The Mark of Cain. It’s Not What You Think It Is.


Stained glass Cain and Abel.

In condemning Dzhokar Tsarnaev to death, we would do well to remember Cain and Abel. Even after murdering his brother, Cain is shown unthinkable mercy and protection from God. Above, stained glass from the Genesis story in Fairford Parish Church, England. Credit: CreativeCommons / Fr. Lawrence Lew, O.P.

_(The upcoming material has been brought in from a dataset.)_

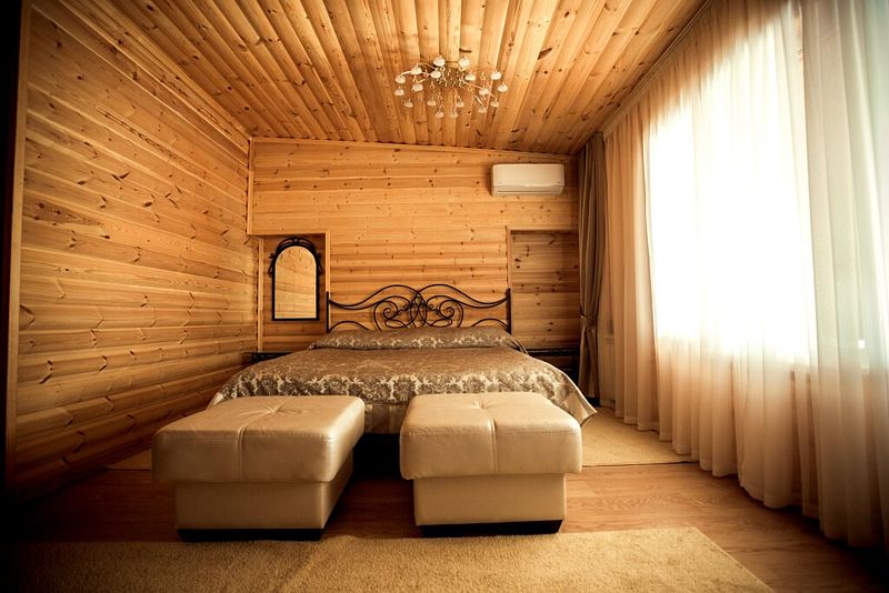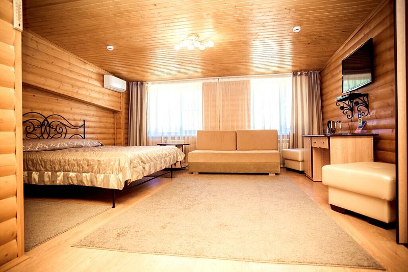 Просторный номер с отделкой деревом для комфортного проживания и полноценного отдыха.

Dzhokar Tsarnaev’s death sentence, handed down on May 15, serves as the grand finale to a year of public discussion about capital punishment. The Supreme Court is considering the potential cruelty of lethal injections, and Kelly Renee Gissendaner lives under a stay of execution in Georgia, prompted by fears of another “botched execution,” like the one experienced by Clayton Lockett in Oklahoma last spring. It seems a good time to step back and revisit what the Bible’s authors have to say about that book’s first murderer, and the consequences of his actions.
I found the story of Cain and Abel in Genesis 4, remembering from my Sunday School days that God punishes the murderer with the “Mark of Cain,” a sort of brand that ensures Cain will spend the rest of his days as an outcast. I quickly learned, though, that my memory — or my Sunday School teacher — had it totally wrong.
Quick recap: Cain and Abel are the sons of Adam and Eve, themselves only recently cast from the Garden. When sacrificing to God, Cain offers the “fruit of the ground,” while Abel brings the “firstlings of his flock.” God shows preference for Abel’s offering, prompting Cain’s jealousy and the murder of his brother. Not only is this the first homicide in the Bible, it’s the first death — the first evidence of the mortality that Adam and Eve brought about in disobeying the Lord.
It’s true that God curses Cain, saying that the earth will no longer yield its bounty to him, and that he will be a fugitive and a wanderer. But it’s not until Cain points out that “anyone who meets me may kill me,” that God puts the mark on him, “so that no one who came upon him would kill him.” The Mark of Cain is one of protection, not condemnation. It’s a moment of grace.
In their heartbreaking scene of parting, Cain says to God, “I shall be hidden from your face.” Being exiled from God’s presence may be a fate worse than death, especially in the Bible’s early pages, when people literally walk with the Lord. But eventually Cain takes a wife, founds a city, and has children of his own. The Bible even specifies that his offspring are the origins of those who raise cattle, those who make tools of bronze and iron, and, most beautifully, those who “play the lyre and pipe.”
Of course, not all of the Bible portrays God as so forgiving. Just three chapters later, the earth will be destroyed by a flood. In Exodus there will be the slaughter of innocent Egyptian children. In Joshua there will be a call to massacre the Canaanites. But in this first great crisis of mortal existence, when the story is still about individual men and women in relationship with God, the Lord ensures that one death does not engender a second.
Most important, though, God’s protection of Cain means that the story doesn’t end. The continuing narrative allows room for Cain to experience the harshness of a life devoid of God. It also allows him to move forward and to, himself, give rise to new stories. As our nation wrestles with the question of capital punishment, I hope we remember this moment in the Bible, when God’s wisdom creates the opportunity for change, for genesis. The alternative is to put a halt to all that might be possible — both remorse and redemption.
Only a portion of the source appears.